Work to be completed: Repeat exactly the lines of the records below, starting at the line containing "Milky Moon London" and ending at the line containing "летальные виды вооружений.". Leave the pictures out.

Extracted entries:
<<<<

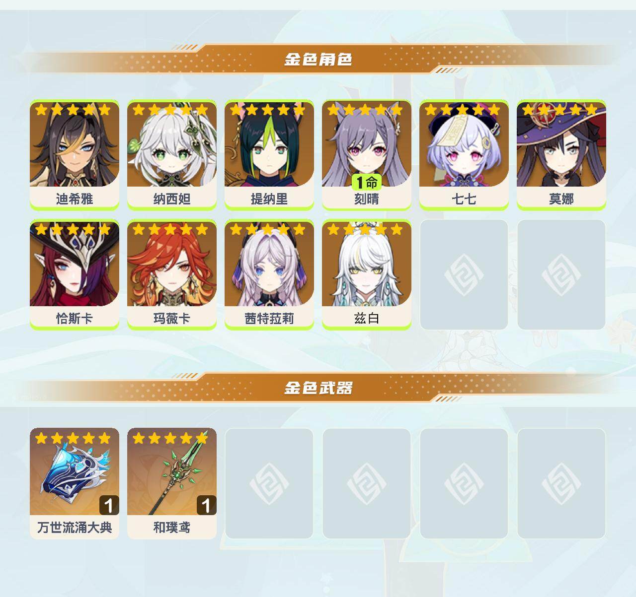 【YSX1668】55级/13黄/女主/10个五星角色/2个五星武器/恰斯卡/玛薇卡/茜特菈莉/纳西妲/0命兹白/莫娜/七七/1命刻晴/提纳里/迪希雅/和璞鸢/万世流涌大典
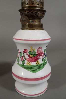 Deux lampes à pétrole, une en faïence de l'Est à décor de co…
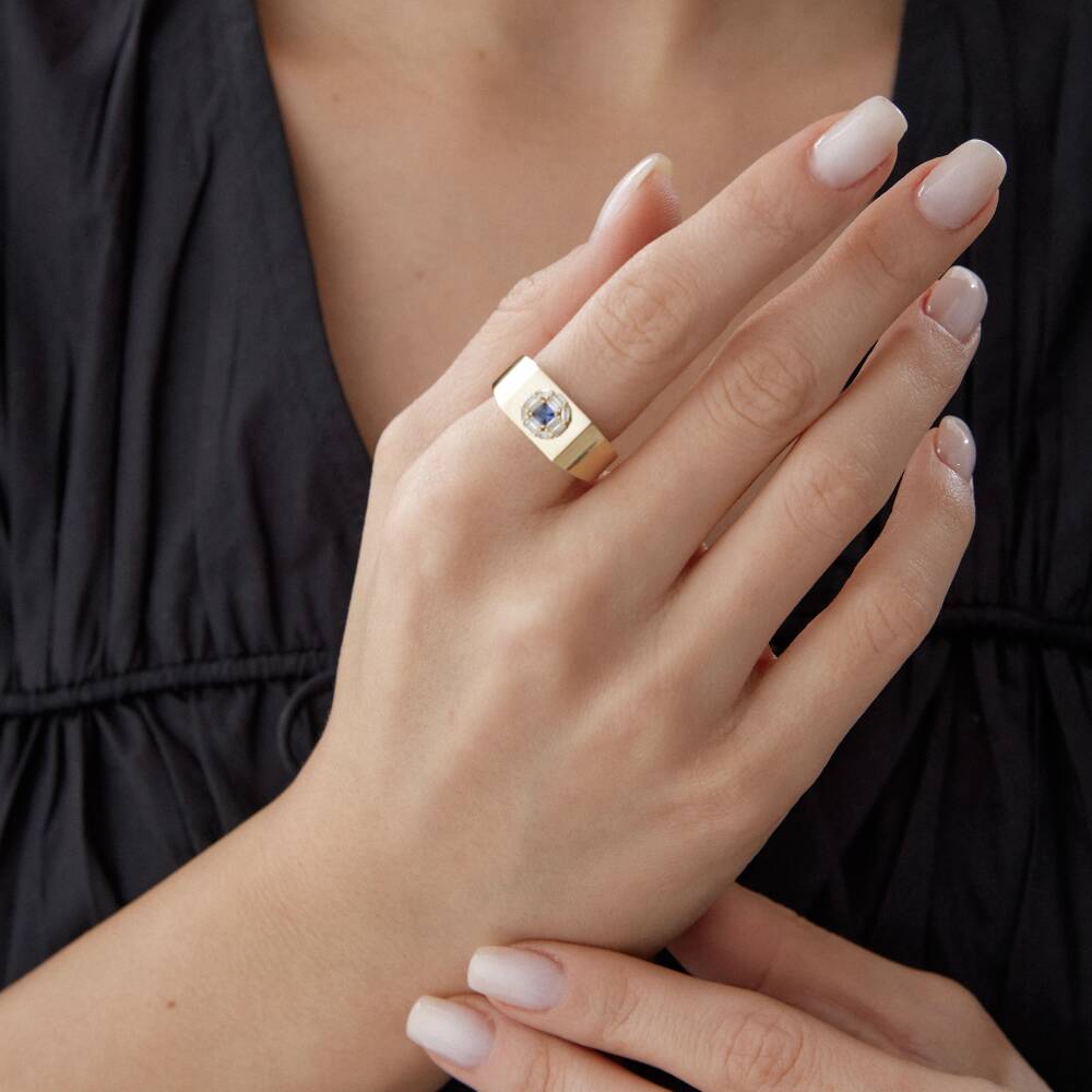 Altın Mavi Baget Taşlı Şövalye Yüzük - 2
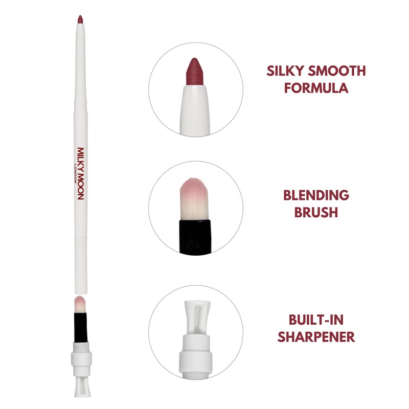 Milky Moon London Smooth Glide Cream Lip Liner, Rich Pigment, Longlasting Matte Formula with Sharpener and Brush for Precision, Merlot
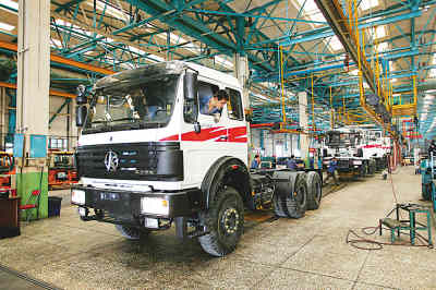 在北奔重汽公司總裝車間,工人們正在緊張地忙碌著。生產線已連續幾個月處于滿負荷狀態,即使一線工人兩班倒,目前收到的訂單也已安排到7月底。作為國內高檔重車的知名品牌,北奔重汽公司已經連續3年保持了快速增長行業之最。
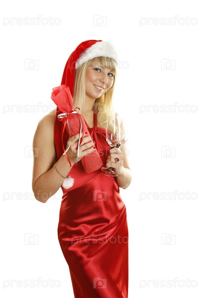 Портрет красивой девушки в новогоднем костюме на белом фоне
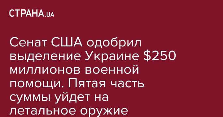 "Сенат США принял ранее проголосованный Палатой представителей проект закона о "Бюджете США на 2019 на нужды национальной обороны", которым санкционировано выделение Министерству обороны США $250 миллионов для предоставления помощи Украине. Из указанной суммы $50 миллионов должно быть направлено на летальные виды вооружений.
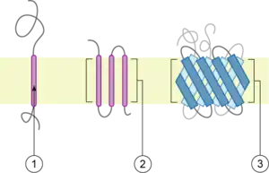 - α-спіральні — найбільша група, представники якої присутні у всіх типах біологічних мембран.
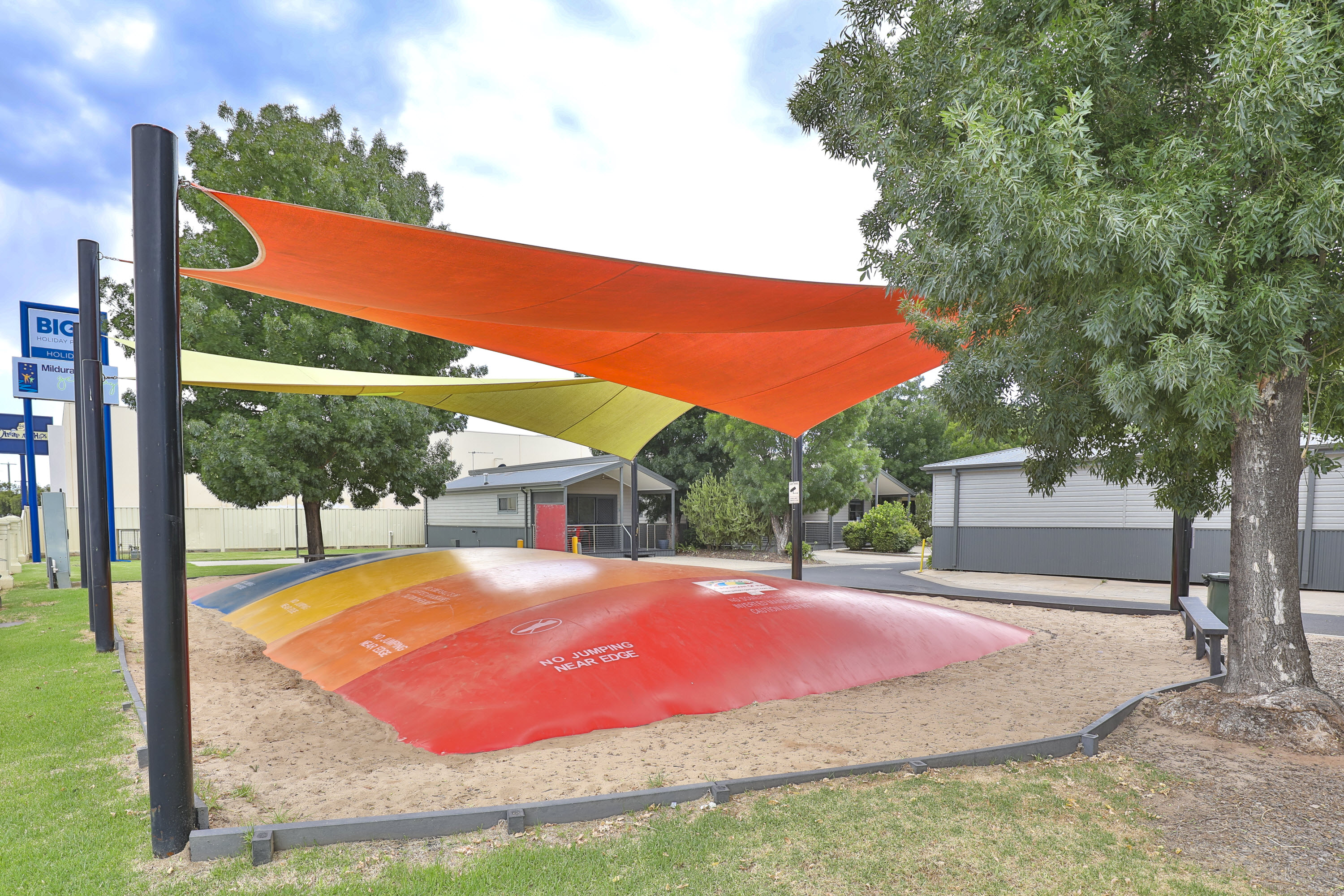 Experience the BIG4 Mildura Getaway difference! Our award-winning, family-owned park is a short stroll to a main shopping centre and eateries and just a short drive to the picturesque heart of the town and the majestic Murray River with its lovely waterfront parks and gardens. We are the perfect base for your next stay in Mildura, with excellent park facilities including indoor and outdoor camp kitchens, free BBQs, laundry, jumping pillow, playgrounds, pool and a games room. We have a wide range of family-friendly accommodation to suit all budgets along with a range of ensuite, powered and large drive-through caravan sites. BIG4 Mildura Getaway is not a pet friendly Park. No Pets are Allowed. Our whole team look forward to welcoming you to our lovely holiday park!
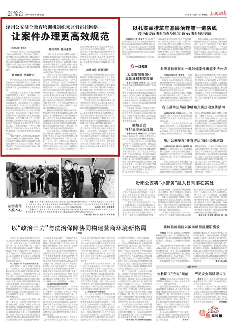 今年以来,泽州县公安局紧紧围绕“执法办案管理中心提质增效”“铁案工程”等核心任务,以执法能力建设为根本支撑,健全法治教育培训机制,强化靠前服务,织密监督审核网络,严格把控执法流程,办结各类案件1200余起,有效保障了执法高质效,群众安全感、满意度持续提升。
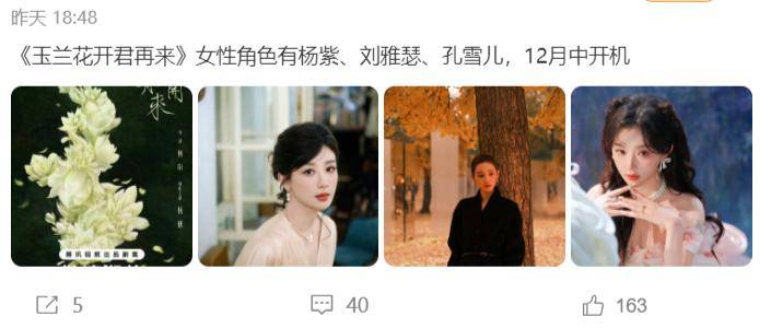 《玉兰花开君再来》官宣杨紫主演后,始终没有宣布其他演员,网友们都非常好奇。近日,网上传出这部剧的主演阵容,让大家没想到的是,实力派“影后”,将在《玉兰花开君再来
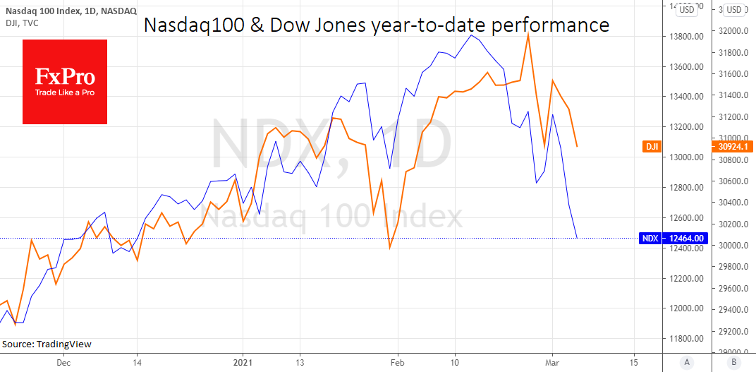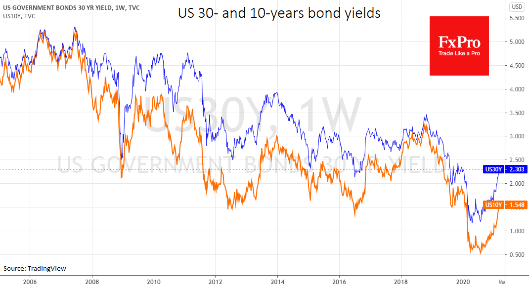 Вчера был очередной день падения Nasdaq более чем на 2%. Потери Dow Jones были намного более скромные, -1.1%, равно как и S&P500, который снизился на -1.3%. Произошло это на фоне продолжающегося роста доходностей американских долгосрочных гособлигаций. Доходность 10-леток поднялась до 1.57% - новых максимумов за 12 месяцев, а по 30-леткам составляет 2.32%, вблизи пиков с начала 2020.

>>>>

Exercise response:
 Milky Moon London Smooth Glide Cream Lip Liner, Rich Pigment, Longlasting Matte Formula with Sharpener and Brush for Precision, Merlot
 在北奔重汽公司總裝車間,工人們正在緊張地忙碌著。生產線已連續幾個月處于滿負荷狀態,即使一線工人兩班倒,目前收到的訂單也已安排到7月底。作為國內高檔重車的知名品牌,北奔重汽公司已經連續3年保持了快速增長行業之最。
 Портрет красивой девушки в новогоднем костюме на белом фоне
 "Сенат США принял ранее проголосованный Палатой представителей проект закона о "Бюджете США на 2019 на нужды национальной обороны", которым санкционировано выделение Министерству обороны США $250 миллионов для предоставления помощи Украине. Из указанной суммы $50 миллионов должно быть направлено на летальные виды вооружений.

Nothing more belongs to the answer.